● **Assignment**: Begin the copy at the line containing "16. Иванова ГГ, Жорова" in the data below and end it at the line containing "第一位杀号:上期第一位奖号为", keeping each line exact and leaving out pictures.

● **Source data**:
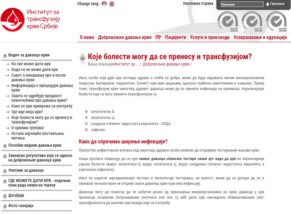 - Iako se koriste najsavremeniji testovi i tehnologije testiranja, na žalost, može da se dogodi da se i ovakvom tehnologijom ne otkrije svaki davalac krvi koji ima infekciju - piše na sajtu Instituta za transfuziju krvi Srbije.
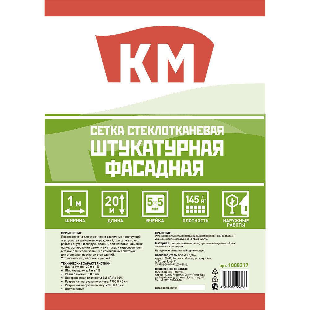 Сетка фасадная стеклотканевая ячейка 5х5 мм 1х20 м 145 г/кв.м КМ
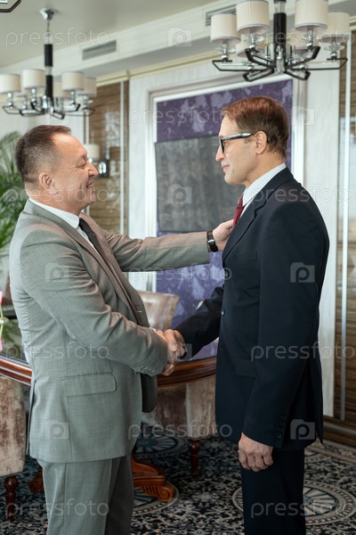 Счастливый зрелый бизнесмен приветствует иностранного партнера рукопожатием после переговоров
==
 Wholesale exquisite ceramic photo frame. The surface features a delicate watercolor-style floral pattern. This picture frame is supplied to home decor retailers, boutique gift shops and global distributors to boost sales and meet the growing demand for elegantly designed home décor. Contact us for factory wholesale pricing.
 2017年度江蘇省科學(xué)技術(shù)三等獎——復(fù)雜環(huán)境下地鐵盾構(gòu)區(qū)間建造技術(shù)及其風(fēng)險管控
---
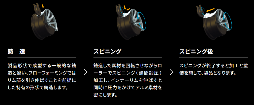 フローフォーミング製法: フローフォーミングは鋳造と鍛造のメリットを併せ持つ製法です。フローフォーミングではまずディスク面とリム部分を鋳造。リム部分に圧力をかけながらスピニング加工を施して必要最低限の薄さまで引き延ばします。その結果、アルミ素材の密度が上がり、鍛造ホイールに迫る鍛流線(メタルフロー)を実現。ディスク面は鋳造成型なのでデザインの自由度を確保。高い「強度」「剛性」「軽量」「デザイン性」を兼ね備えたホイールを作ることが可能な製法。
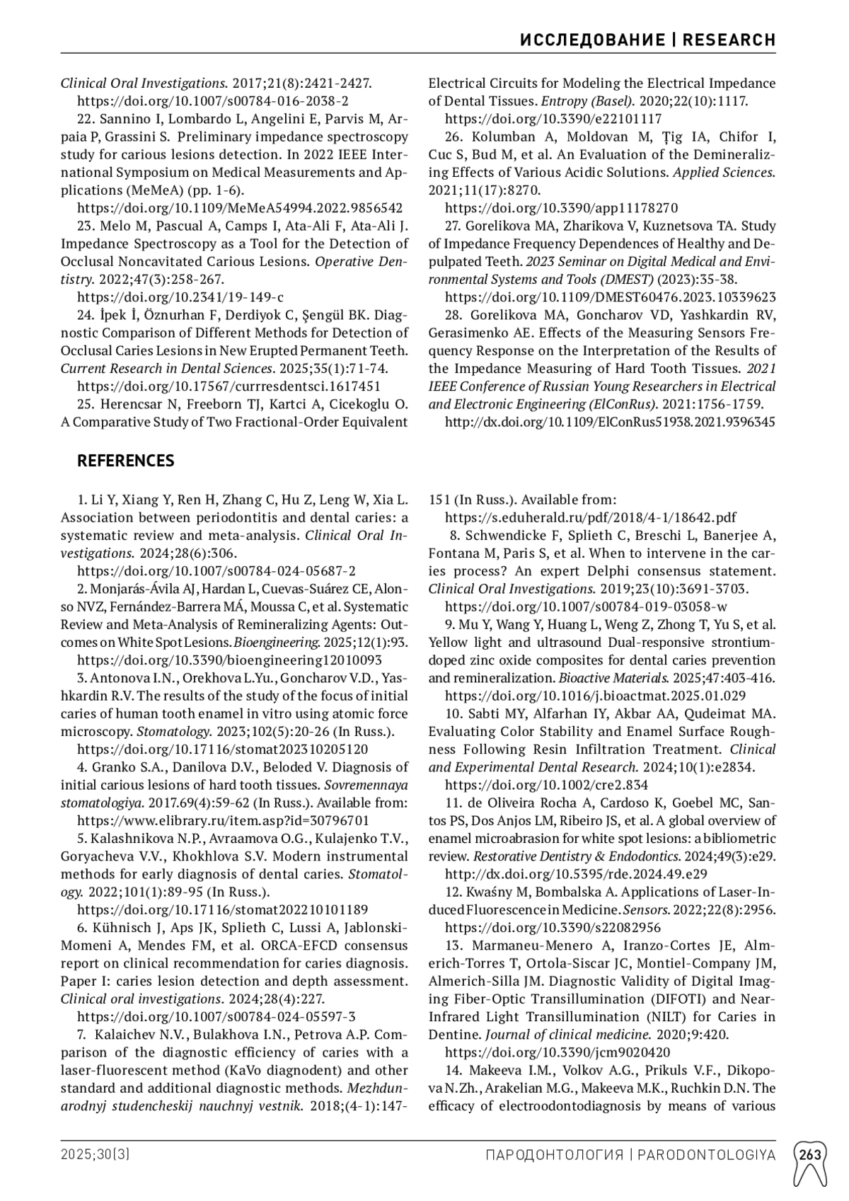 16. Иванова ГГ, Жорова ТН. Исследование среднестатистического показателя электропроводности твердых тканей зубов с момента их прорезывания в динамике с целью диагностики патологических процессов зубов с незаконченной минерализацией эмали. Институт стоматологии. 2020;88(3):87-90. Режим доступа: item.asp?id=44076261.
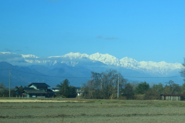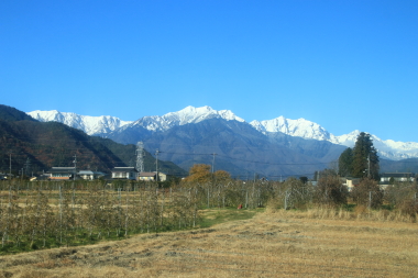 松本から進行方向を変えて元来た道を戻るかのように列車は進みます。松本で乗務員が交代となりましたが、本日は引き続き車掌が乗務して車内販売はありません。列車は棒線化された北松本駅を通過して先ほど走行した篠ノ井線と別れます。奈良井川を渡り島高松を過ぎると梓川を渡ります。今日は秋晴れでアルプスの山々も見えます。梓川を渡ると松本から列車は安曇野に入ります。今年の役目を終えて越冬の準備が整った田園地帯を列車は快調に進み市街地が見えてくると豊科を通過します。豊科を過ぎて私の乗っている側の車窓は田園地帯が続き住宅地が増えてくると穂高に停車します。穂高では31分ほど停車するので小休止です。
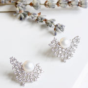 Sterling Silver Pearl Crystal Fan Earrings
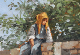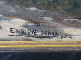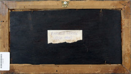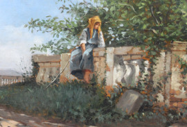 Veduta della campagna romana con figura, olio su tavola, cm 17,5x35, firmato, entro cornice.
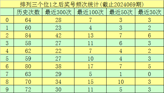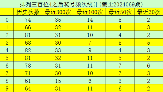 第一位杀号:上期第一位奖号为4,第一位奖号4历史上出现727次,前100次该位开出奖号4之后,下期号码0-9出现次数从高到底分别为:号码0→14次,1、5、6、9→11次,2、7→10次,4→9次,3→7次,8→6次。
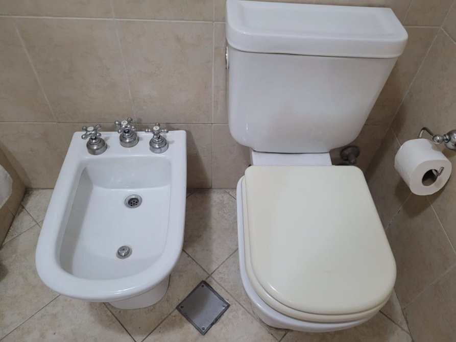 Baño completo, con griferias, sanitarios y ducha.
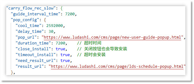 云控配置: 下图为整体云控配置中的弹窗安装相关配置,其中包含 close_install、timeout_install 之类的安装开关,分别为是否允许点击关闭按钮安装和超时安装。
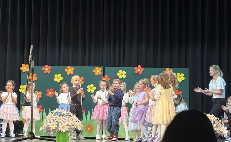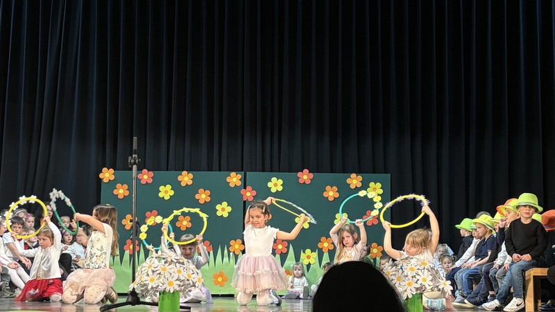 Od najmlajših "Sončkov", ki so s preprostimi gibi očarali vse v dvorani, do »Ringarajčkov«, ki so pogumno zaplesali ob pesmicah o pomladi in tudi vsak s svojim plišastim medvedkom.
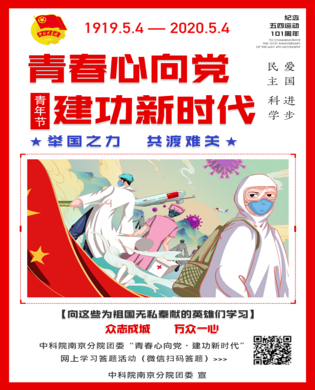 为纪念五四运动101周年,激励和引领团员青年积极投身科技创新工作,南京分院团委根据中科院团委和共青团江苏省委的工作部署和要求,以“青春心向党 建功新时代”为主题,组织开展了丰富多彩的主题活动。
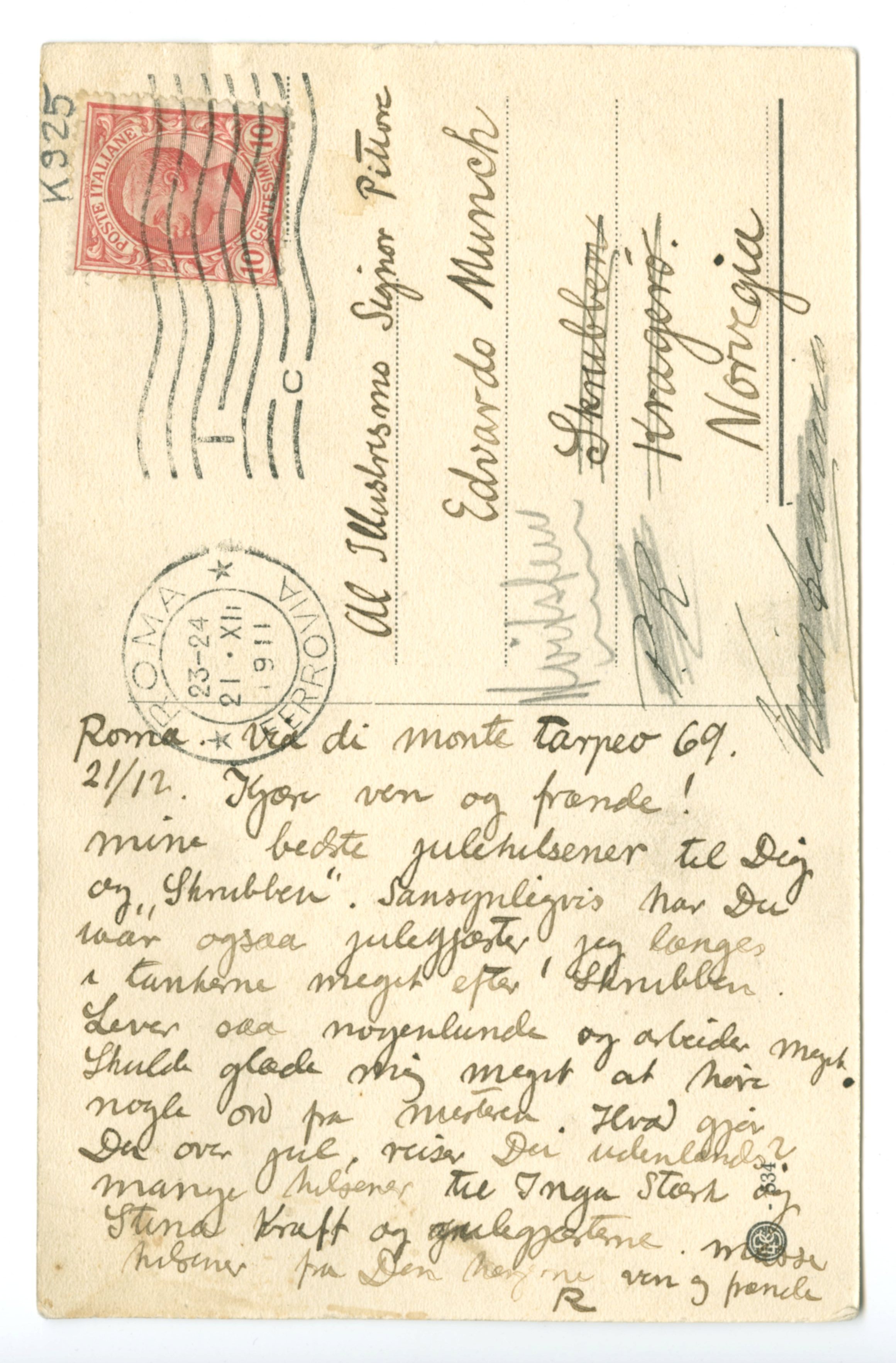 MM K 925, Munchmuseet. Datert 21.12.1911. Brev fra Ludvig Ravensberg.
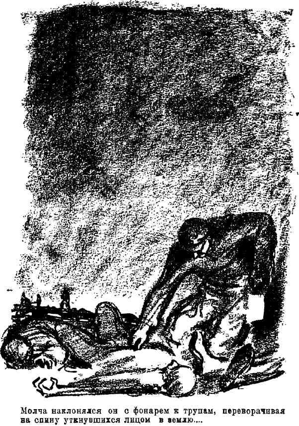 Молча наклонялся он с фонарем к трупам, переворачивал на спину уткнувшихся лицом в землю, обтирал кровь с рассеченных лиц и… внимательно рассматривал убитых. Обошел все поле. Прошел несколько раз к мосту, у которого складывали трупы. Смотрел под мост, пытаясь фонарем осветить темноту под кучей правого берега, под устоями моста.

● **The answer**:
 16. Иванова ГГ, Жорова ТН. Исследование среднестатистического показателя электропроводности твердых тканей зубов с момента их прорезывания в динамике с целью диагностики патологических процессов зубов с незаконченной минерализацией эмали. Институт стоматологии. 2020;88(3):87-90. Режим доступа: item.asp?id=44076261.
 松本から進行方向を変えて元来た道を戻るかのように列車は進みます。松本で乗務員が交代となりましたが、本日は引き続き車掌が乗務して車内販売はありません。列車は棒線化された北松本駅を通過して先ほど走行した篠ノ井線と別れます。奈良井川を渡り島高松を過ぎると梓川を渡ります。今日は秋晴れでアルプスの山々も見えます。梓川を渡ると松本から列車は安曇野に入ります。今年の役目を終えて越冬の準備が整った田園地帯を列車は快調に進み市街地が見えてくると豊科を通過します。豊科を過ぎて私の乗っている側の車窓は田園地帯が続き住宅地が増えてくると穂高に停車します。穂高では31分ほど停車するので小休止です。
 Sterling Silver Pearl Crystal Fan Earrings
 Veduta della campagna romana con figura, olio su tavola, cm 17,5x35, firmato, entro cornice.
 第一位杀号:上期第一位奖号为4,第一位奖号4历史上出现727次,前100次该位开出奖号4之后,下期号码0-9出现次数从高到底分别为:号码0→14次,1、5、6、9→11次,2、7→10次,4→9次,3→7次,8→6次。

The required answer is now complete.